Once mature, replace Julia's flisp-based reference frontend in Core
Design Opinions
Parser implementation should be independent from tree data structures. So
we have the ParseStream interface.
Tree data structures should be layered to balance losslessness with
abstraction and generality. So we have SyntaxNode (an AST) layered on top
of GreenNode (a lossless parse tree). We might need other tree types later.
Fancy parser generators still seem marginal for production compilers. We use
a boring but flexible recursive descent parser.
Status
The library is in pre-0.1 stage, but parses all of Base correctly with only a
handful of failures remaining in the Base tests and standard library.
The tree data structures should be somewhat usable but will evolve as we try
out various use cases.
Examples
Here's what parsing of a small piece of code currently looks like in various
forms. We'll use the parseall convenience function to demonstrate, but
there's also a more flexible parsing interface with JuliaSyntax.parse().
First, a source-ordered AST with SyntaxNode (call-i in the dump here means
the call has the infix -i flag):
Internally this has a full representation of all syntax trivia (whitespace and
comments) as can be seen with the more raw "green tree" representation with
GreenNode. Here ranges on the left are byte ranges, and ✔ flags nontrivia
tokens. Note that the parentheses are trivia in the tree representation,
despite being important for parsing.
To use JuliaSyntax as the default Julia parser to include() files,
parse code with Meta.parse(), etc, call
julia> JuliaSyntax.enable_in_core!()
This causes some startup latency, so to reduce that you can create a custom
system image by running the code in ./sysimage/compile.jl as a Julia script
(or directly using the shell, on unix). Then use julia -J $resulting_sysimage.
Using a custom sysimage has the advantage that package precompilation will also
go through the JuliaSyntax parser.
Parser implementation
Our goal is to losslessly represent the source text with a tree; this may be
called a "lossless syntax tree". (This is sometimes called a "concrete syntax
tree", but that term has also been used for the parse tree of the full formal
grammar for a language including any grammar hacks required to solve
ambiguities, etc. So we avoid this term.)
JuliaSyntax uses a mostly recursive descent parser which closely
follows the high level structure of the flisp reference parser. This makes the
code familiar and reduces porting bugs.

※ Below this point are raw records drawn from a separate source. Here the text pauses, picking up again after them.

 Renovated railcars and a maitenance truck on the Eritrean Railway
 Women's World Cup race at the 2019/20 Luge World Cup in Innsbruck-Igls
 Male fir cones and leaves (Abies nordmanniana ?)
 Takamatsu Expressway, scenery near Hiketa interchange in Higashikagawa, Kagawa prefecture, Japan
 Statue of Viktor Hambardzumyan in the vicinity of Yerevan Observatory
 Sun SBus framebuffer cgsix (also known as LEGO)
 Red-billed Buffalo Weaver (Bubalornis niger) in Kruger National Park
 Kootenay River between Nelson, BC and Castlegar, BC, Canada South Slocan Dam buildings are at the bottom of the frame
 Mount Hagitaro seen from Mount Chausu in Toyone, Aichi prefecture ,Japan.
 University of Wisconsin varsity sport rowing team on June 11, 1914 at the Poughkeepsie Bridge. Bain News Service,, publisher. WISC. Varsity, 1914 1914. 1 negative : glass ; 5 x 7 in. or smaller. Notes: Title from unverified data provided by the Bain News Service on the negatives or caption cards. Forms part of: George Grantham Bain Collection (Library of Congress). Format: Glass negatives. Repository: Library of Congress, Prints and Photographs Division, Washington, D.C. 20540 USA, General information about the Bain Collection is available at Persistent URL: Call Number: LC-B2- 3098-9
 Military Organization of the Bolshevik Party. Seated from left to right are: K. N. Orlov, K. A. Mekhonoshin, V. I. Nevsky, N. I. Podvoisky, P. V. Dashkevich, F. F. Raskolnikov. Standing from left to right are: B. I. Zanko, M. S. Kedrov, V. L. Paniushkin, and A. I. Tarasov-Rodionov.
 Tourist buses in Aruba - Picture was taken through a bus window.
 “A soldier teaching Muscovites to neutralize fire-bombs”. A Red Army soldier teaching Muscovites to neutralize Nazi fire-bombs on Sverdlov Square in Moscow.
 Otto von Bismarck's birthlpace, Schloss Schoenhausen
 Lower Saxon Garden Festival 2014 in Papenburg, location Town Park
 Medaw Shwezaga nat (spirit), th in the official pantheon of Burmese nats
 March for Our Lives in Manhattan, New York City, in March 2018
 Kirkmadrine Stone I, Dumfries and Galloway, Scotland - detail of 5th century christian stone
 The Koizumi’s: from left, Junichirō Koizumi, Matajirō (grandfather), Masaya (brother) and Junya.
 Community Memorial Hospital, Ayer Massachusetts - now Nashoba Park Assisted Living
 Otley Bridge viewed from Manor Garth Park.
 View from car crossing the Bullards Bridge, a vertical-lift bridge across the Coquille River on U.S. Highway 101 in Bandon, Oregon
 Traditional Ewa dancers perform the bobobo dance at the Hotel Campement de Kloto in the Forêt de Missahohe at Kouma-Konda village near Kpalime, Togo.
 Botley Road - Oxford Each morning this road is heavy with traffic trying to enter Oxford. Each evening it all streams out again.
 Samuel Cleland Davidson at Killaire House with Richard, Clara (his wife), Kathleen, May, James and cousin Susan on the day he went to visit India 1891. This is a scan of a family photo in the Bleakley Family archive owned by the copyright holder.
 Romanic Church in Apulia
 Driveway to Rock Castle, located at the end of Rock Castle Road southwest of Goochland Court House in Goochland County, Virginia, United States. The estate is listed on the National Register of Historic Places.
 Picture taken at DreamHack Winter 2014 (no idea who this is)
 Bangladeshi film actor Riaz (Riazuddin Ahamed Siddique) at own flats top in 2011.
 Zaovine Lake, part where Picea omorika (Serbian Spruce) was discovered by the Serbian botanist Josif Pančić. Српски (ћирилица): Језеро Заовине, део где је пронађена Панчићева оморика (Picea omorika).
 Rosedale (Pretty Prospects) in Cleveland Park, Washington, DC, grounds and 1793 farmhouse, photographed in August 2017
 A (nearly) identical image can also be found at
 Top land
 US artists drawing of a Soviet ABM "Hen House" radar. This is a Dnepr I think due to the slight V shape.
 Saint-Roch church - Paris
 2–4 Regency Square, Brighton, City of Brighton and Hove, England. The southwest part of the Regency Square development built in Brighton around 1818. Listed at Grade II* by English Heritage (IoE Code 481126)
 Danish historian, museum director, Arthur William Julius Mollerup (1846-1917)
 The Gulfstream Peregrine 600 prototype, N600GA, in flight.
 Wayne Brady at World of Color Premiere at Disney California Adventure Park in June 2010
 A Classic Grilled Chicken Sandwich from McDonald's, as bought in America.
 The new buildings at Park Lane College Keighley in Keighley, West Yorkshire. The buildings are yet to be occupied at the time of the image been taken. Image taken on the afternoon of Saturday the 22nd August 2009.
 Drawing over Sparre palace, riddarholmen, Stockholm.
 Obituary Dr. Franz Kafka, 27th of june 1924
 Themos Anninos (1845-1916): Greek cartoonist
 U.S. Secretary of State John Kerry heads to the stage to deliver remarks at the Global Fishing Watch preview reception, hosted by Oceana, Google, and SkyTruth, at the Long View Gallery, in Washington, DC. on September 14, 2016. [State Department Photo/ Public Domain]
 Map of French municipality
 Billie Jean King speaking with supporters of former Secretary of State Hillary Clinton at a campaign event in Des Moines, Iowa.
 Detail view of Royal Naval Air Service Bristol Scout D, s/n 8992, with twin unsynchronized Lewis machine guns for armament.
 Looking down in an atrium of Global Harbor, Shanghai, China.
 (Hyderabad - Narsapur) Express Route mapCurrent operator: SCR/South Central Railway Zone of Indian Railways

It also gives a lot of flexibility for
designing the diagnostics, tree data structures, compatibility with different
Julia versions, etc. I didn't choose a parser generator as they still seem
marginal for production compilers — for the parsing itself they don't seem
greatly more expressive and they can be less flexible for the important
"auxiliary" code which needs to be written in either case.
Lexing
We use a version of Tokenize.jl
which has been modified to better match the needs of parsing:
Newline-containing whitespace is emitted as a separate kind
Tokens inside string interpolations are emitted separately from the string
Strings delimiters are separate tokens and the actual string always has the
String kind
Additional contextual keywords (as, var, doc) have been added and
moved to a subcategory of keywords.
Nonterminal kinds were added (though these should probably be factored out again)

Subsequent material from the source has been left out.